Find constants a and b in the equation f(x)= ax^b/(ln(x)) such that f(1/3)= 1 and the function has a local minimum at x= 1/3
To find constants a and b in the equation f(x) = ax^b / (ln(x)) such that f(1/3) = 1 and the function has a local minimum at x = 1/3, we need to use two conditions: f(1/3) = 1 and the derivative of f(x) at x = 1/3 is equal to 0.
First, let's find f(1/3) = 1 by plugging in x = 1/3 in the equation:
f(1/3) = a * (1/3)^b / ln(1/3) = 1
Now, let's find the derivative of f(x) with respect to x:
f'(x) = d/dx [ ax^b / ln(x) ]
To do this, we will use the quotient rule.

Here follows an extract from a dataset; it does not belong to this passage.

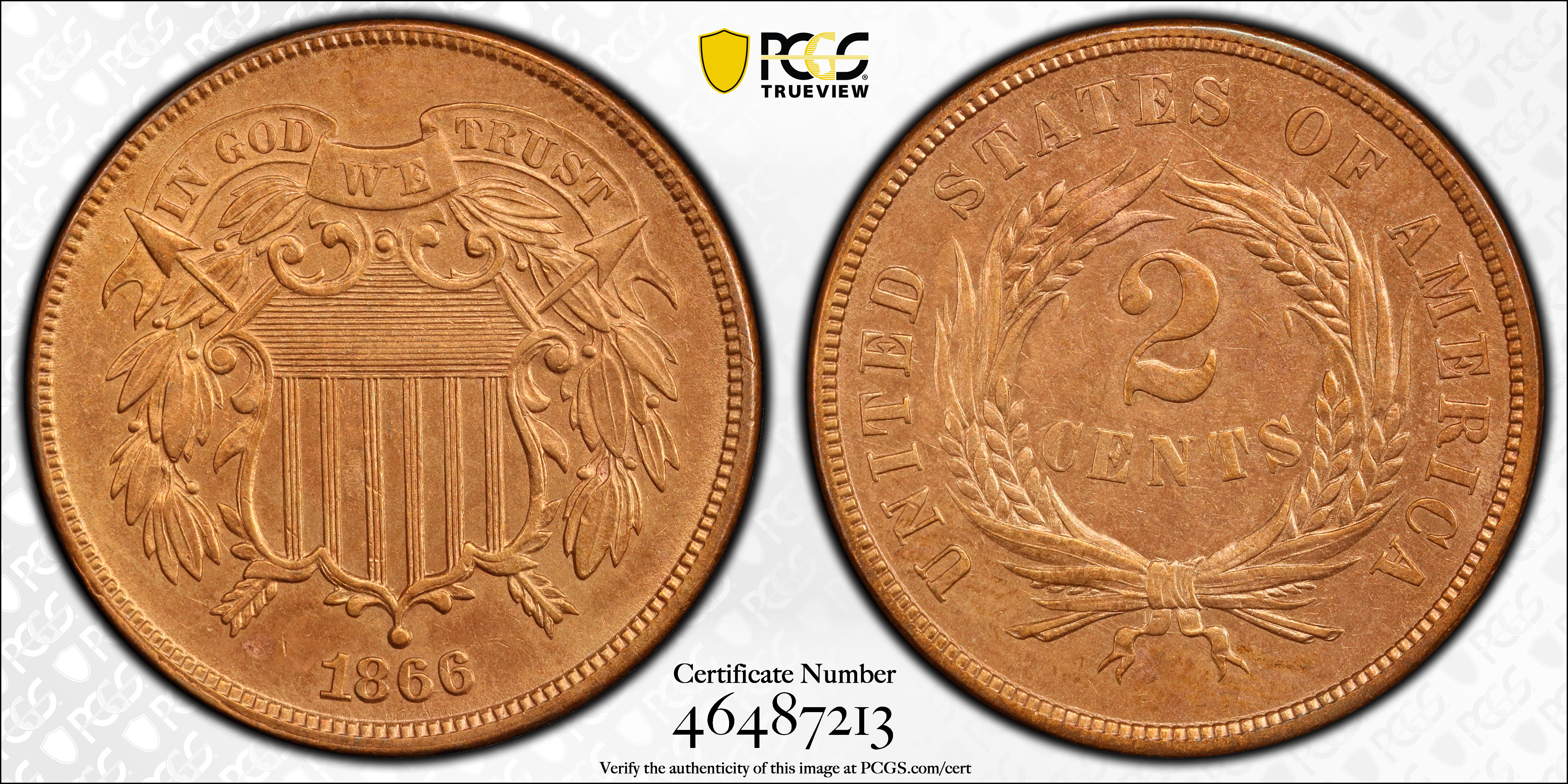 In terms of overall mintage, the 1866 Two Cent piece is the third most common date of the series.

Using the quotient rule, the derivative of f(x) is:
f'(x) = [b * ax^(b-1) * ln(x) - ax^b * (1/x)] / (ln(x))^2
Now, let's calculate f'(1/3) and set it equal to 0 since we want a local minimum at x = 1/3:
f'(1/3) = [b * a * (1/3)^(b-1) * ln(1/3) - a * (1/3)^b * (1/(1/3))] / (ln(1/3))^2
Setting f'(1/3) = 0, we have:
[b * a * (1/3)^(b-1) * ln(1/3) - 3a * (1/3)^b] / (ln(1/3))^2 = 0
Now, we have two equations:
1) a * (1/3)^b / ln(1/3) = 1
2) [b * a * (1/3)^(b-1) * ln(1/3) - 3a * (1/3)^b] / (ln(1/3))^2 = 0
From equation 1, we can simplify it to:
a / ln(1/3) = 3^b
Substituting this into equation 2, we have:
[b * 3^b - 3a] / (ln(1/3))^2 = 0
At this point, we have a system of equations:
a / ln(1/3) = 3^b
[b * 3^b - 3a] / (ln(1/3))^2 = 0
By solving this system of equations, we can find the values of a and b that satisfy the given conditions. However, finding the exact values of a and b requires further calculations and might involve numerical methods like Newton's method or using a computer algebra system.